*** Data to process

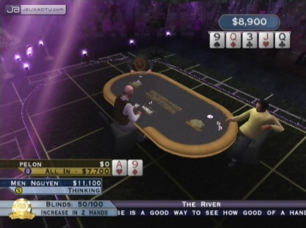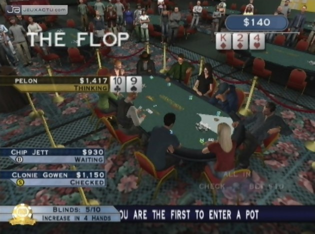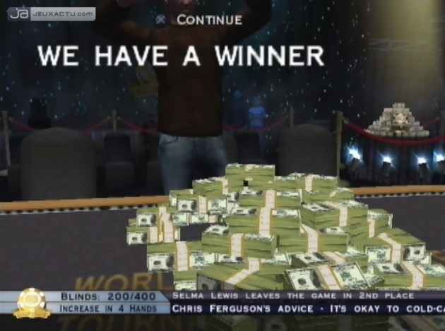 Etant donné le grand nombre de jeux de poker et plus particulièrement de Texas Hold’em à voir le jour mensuellement, on passera rapidement sur la gestion de l’intelligence artificielle de World Series of Poker : Tournament of Champions 2007 Edition durant les tournois du World Series of Poker, les invitations spéciales ou les têtes à têtes télévisés, pour la simple est bonne raison qu'on a toujours un doute sur la crédibilité de l’ordinateur qui connaît forcément votre jeu vu qu’il est à la fois le croupier, l’adversaire et votre conseiller (ici Chris Ferguson). Trois degrés de difficulté vous sont proposés mais pour plus de challenges, mieux vaut se tourner vers les modes multijoueurs uniquement jouables en ligne où l’art du bluff prend tout son sens. Mais concentrons-nous essentiellement sur la réalisation générale de ce World Series of Poker : Tournament of Champions 2007 Edition développé comme l’an passé par Left Field Productions. A vrai dire, la team n’a guère changé de recette pouvant ainsi espérer séduire tant les novices, grâce à une notice suffisamment explicative sur les différents poker existants, que les Patrick Bruel habitués aux tournois longs d’une dizaine d’heures. Mieux vaut être patient lorsque vous jouez à WSP : Tournament of Champions car les adversaires prennent le temps de réfléchir, d’agir et de réagir en fonction de vos mises. Et même lorsqu’on se retrouve nez à nez avec des grands champions tels que Tom "Captain" Franklin, Joe Hachem, Scotty Nguyen ou encore face à Jen Tilly, ça de quoi nous chauffer les oreilles que de devoir patienter 20 à 30 secondes sur chaque participant. Quant la table compte huit amateurs de poker, on fait rapidement un détour par les options espérant pouvant accélérer le rythme du jeu. Effectivement on peut mais les 3 vitesses de réflexion sont mal étudiées. Tantôt trop lentes, tantôt ultra-rapide qu’on n’a pas le temps d’apprécier le jeu ni la gestuelle et les mimiques des personnages qui sont devenues caractéristiques des grands joueurs de texas hold’em. Si l’animation amusera les téléspectateurs de RTL 9 ou de Direct Poker, on ne peut pas en dire autant de la réalisation graphique de World Series of Poker : Tournament of Champions 2007 Edition. Le jeu, déjà pas fameux en 2006, a pris encore quelques rides et a même le toupet de s’offrir de multiples bugs d’affichage lorsqu’on accélère le rythme quasiment soporifique des parties. A propos de rythme, ce n’est pas non plus l’ambiance sonore qui relèvera le niveau avec des commentateurs narcoleptiques et des réactions du public inappropriées.
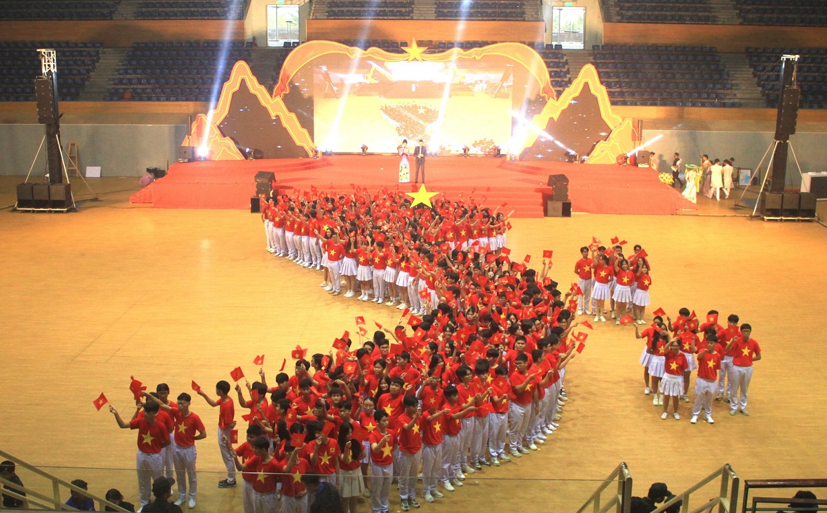1.300 đoàn viên, thanh niên, học sinh đã biểu diễn xếp Bản đồ Việt Nam tại Cung thể thao Tiên Sơn. Ảnh: VGP/Minh Trang |
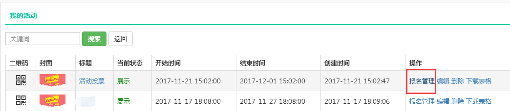 搜索到活动,点击报名管理
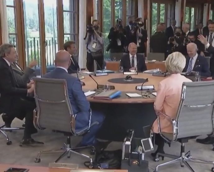 Société (Vidéo) « Nous devons leur montrer nos pectoraux » : les dirigeants du G7 se moquent ouvertement de Poutine devant les caméras Les membres du G7 étaient réunis ce dimanche 26 juin en Allemagne. Et le moins que l’on puisse dire, c’est que l’ambiance était relativement détendue, très éloignée de l’actualité jugée dramatique par la plupart des grands médias concernant la guerre en Ukraine. « Nous devons leur montrer nos pectoraux », « On enlève ou on laisse la veste […]
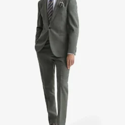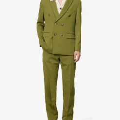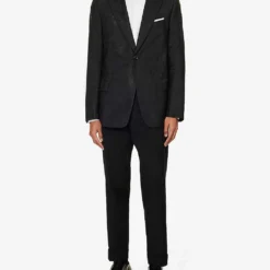 - Regular fit, notched lapels, shoulder pads, long sleeves, welt pocket at chest, darts at front, two flap pockets at front, double vent at back
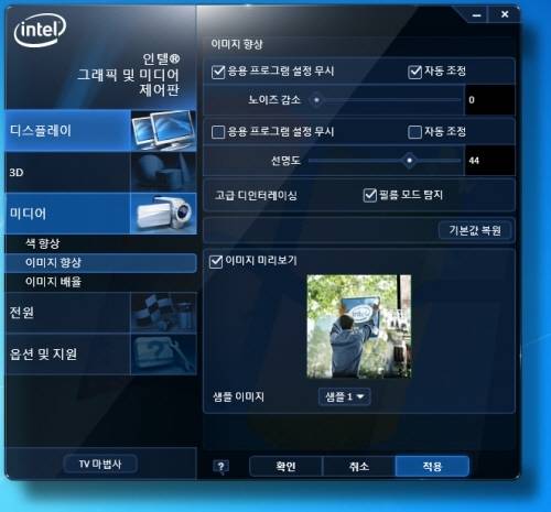 미디어 관련 옵션이 눈길을 끈다. GPU 내부의 비디오 가속 회로를 제어하는 메뉴다. 디인터레이싱 등의 고급 기능이 추가되었다. |
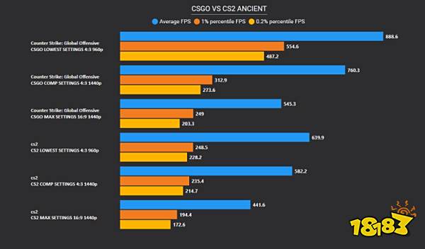 而在地图Ancient上,该网友再次进行了三种设置下对CSGO与CS2进行帧数对比,分别是最低画质设置,普通画质设置,最高画质设置。最高画质下,CS2的平均帧数达到了441.6 FPS,最低帧数为172.6 FPS。
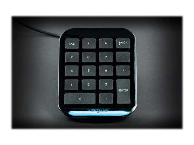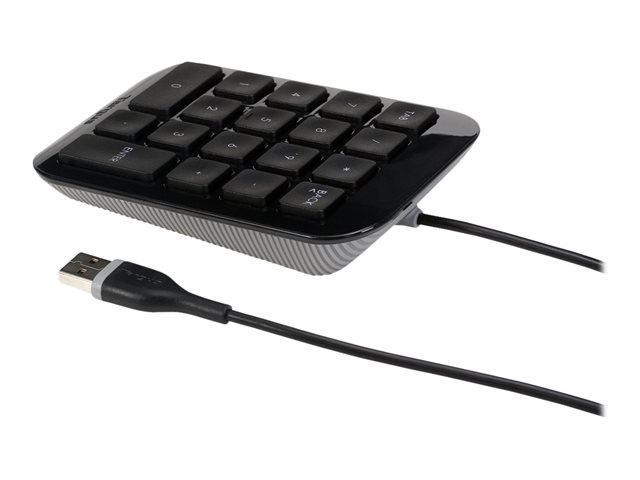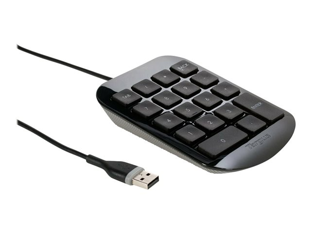 The Targus numeric keypad allows users to type numbers into spreadsheets and other applications quickly and easily. The full-size 19mm keys improve speed and accuracy by making it easier to locate and press the numbers you are looking for. The integrated ergonomic tilt provides added comfort which helps reduce strain after a long work day. The USB cord is 3 feet long to provide additional flexibility in the workspace. It is ideal for in office or in home use.

******

Where images occur in the data above, leave them out and repeat everything else exactly.

— Final answer —
 Etant donné le grand nombre de jeux de poker et plus particulièrement de Texas Hold’em à voir le jour mensuellement, on passera rapidement sur la gestion de l’intelligence artificielle de World Series of Poker : Tournament of Champions 2007 Edition durant les tournois du World Series of Poker, les invitations spéciales ou les têtes à têtes télévisés, pour la simple est bonne raison qu'on a toujours un doute sur la crédibilité de l’ordinateur qui connaît forcément votre jeu vu qu’il est à la fois le croupier, l’adversaire et votre conseiller (ici Chris Ferguson). Trois degrés de difficulté vous sont proposés mais pour plus de challenges, mieux vaut se tourner vers les modes multijoueurs uniquement jouables en ligne où l’art du bluff prend tout son sens. Mais concentrons-nous essentiellement sur la réalisation générale de ce World Series of Poker : Tournament of Champions 2007 Edition développé comme l’an passé par Left Field Productions. A vrai dire, la team n’a guère changé de recette pouvant ainsi espérer séduire tant les novices, grâce à une notice suffisamment explicative sur les différents poker existants, que les Patrick Bruel habitués aux tournois longs d’une dizaine d’heures. Mieux vaut être patient lorsque vous jouez à WSP : Tournament of Champions car les adversaires prennent le temps de réfléchir, d’agir et de réagir en fonction de vos mises. Et même lorsqu’on se retrouve nez à nez avec des grands champions tels que Tom "Captain" Franklin, Joe Hachem, Scotty Nguyen ou encore face à Jen Tilly, ça de quoi nous chauffer les oreilles que de devoir patienter 20 à 30 secondes sur chaque participant. Quant la table compte huit amateurs de poker, on fait rapidement un détour par les options espérant pouvant accélérer le rythme du jeu. Effectivement on peut mais les 3 vitesses de réflexion sont mal étudiées. Tantôt trop lentes, tantôt ultra-rapide qu’on n’a pas le temps d’apprécier le jeu ni la gestuelle et les mimiques des personnages qui sont devenues caractéristiques des grands joueurs de texas hold’em. Si l’animation amusera les téléspectateurs de RTL 9 ou de Direct Poker, on ne peut pas en dire autant de la réalisation graphique de World Series of Poker : Tournament of Champions 2007 Edition. Le jeu, déjà pas fameux en 2006, a pris encore quelques rides et a même le toupet de s’offrir de multiples bugs d’affichage lorsqu’on accélère le rythme quasiment soporifique des parties. A propos de rythme, ce n’est pas non plus l’ambiance sonore qui relèvera le niveau avec des commentateurs narcoleptiques et des réactions du public inappropriées.
1.300 đoàn viên, thanh niên, học sinh đã biểu diễn xếp Bản đồ Việt Nam tại Cung thể thao Tiên Sơn. Ảnh: VGP/Minh Trang |
 搜索到活动,点击报名管理
 Société (Vidéo) « Nous devons leur montrer nos pectoraux » : les dirigeants du G7 se moquent ouvertement de Poutine devant les caméras Les membres du G7 étaient réunis ce dimanche 26 juin en Allemagne. Et le moins que l’on puisse dire, c’est que l’ambiance était relativement détendue, très éloignée de l’actualité jugée dramatique par la plupart des grands médias concernant la guerre en Ukraine. « Nous devons leur montrer nos pectoraux », « On enlève ou on laisse la veste […]
 - Regular fit, notched lapels, shoulder pads, long sleeves, welt pocket at chest, darts at front, two flap pockets at front, double vent at back
 미디어 관련 옵션이 눈길을 끈다. GPU 내부의 비디오 가속 회로를 제어하는 메뉴다. 디인터레이싱 등의 고급 기능이 추가되었다. |
 而在地图Ancient上,该网友再次进行了三种设置下对CSGO与CS2进行帧数对比,分别是最低画质设置,普通画质设置,最高画质设置。最高画质下,CS2的平均帧数达到了441.6 FPS,最低帧数为172.6 FPS。
 The Targus numeric keypad allows users to type numbers into spreadsheets and other applications quickly and easily. The full-size 19mm keys improve speed and accuracy by making it easier to locate and press the numbers you are looking for. The integrated ergonomic tilt provides added comfort which helps reduce strain after a long work day. The USB cord is 3 feet long to provide additional flexibility in the workspace. It is ideal for in office or in home use.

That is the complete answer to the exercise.